THE DATA
★ ★ ★ ★ ★ ★ ★

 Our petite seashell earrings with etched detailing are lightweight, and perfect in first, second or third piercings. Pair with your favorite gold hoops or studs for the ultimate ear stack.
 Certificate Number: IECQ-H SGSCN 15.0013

★ ★ ★ ★ ★ ★ ★

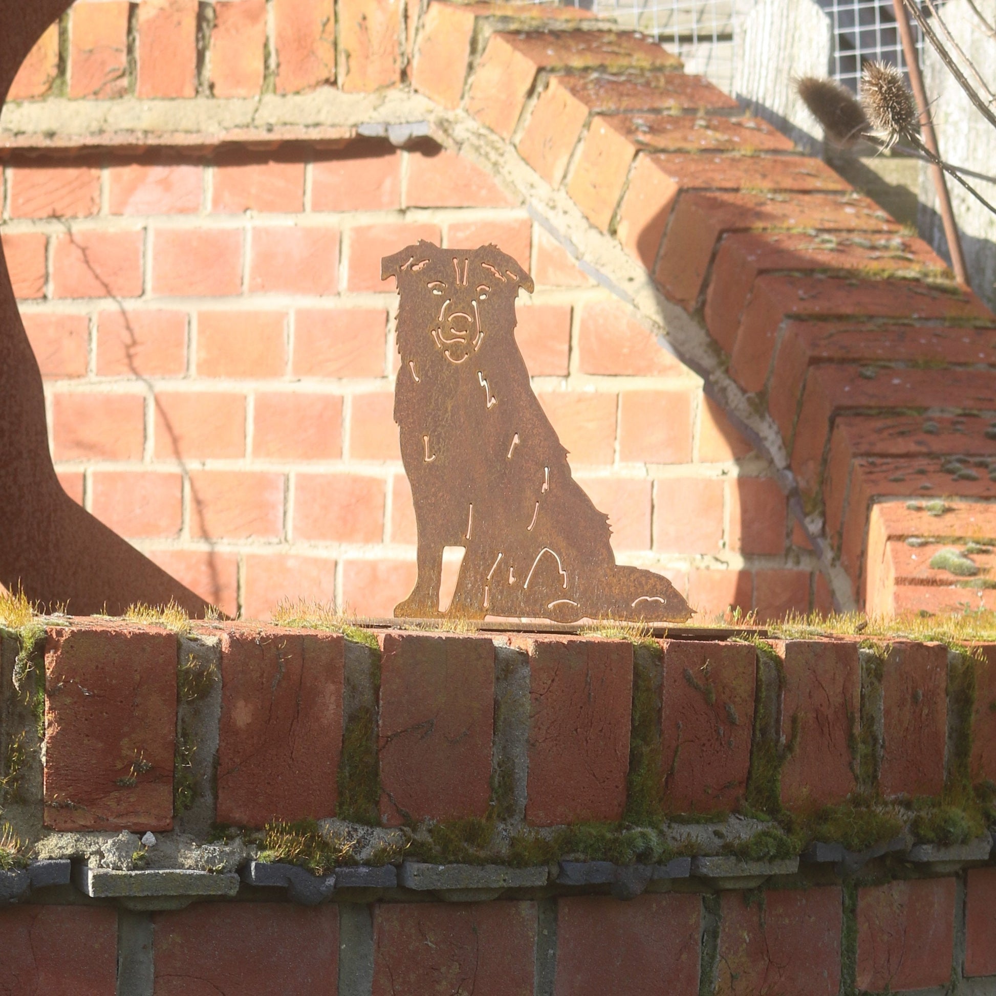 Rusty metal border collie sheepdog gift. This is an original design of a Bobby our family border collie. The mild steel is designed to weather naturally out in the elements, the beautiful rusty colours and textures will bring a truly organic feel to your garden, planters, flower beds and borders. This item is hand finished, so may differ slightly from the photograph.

★ ★ ★ ★ ★ ★ ★

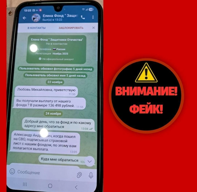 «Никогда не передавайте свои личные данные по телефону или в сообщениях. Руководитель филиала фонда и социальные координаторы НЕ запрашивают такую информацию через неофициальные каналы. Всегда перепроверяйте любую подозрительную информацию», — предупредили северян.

★ ★ ★ ★ ★ ★ ★

PROBLEM DETAILS
Among the entries above, the lines between the ones containing "Our petite seashell" and "Certificate Number: IECQ-H SGSCN 15.0013", inclusive, are to be transcribed exactly. No other line is to be given.

TASK OUTPUT
 Our petite seashell earrings with etched detailing are lightweight, and perfect in first, second or third piercings. Pair with your favorite gold hoops or studs for the ultimate ear stack.
 Certificate Number: IECQ-H SGSCN 15.0013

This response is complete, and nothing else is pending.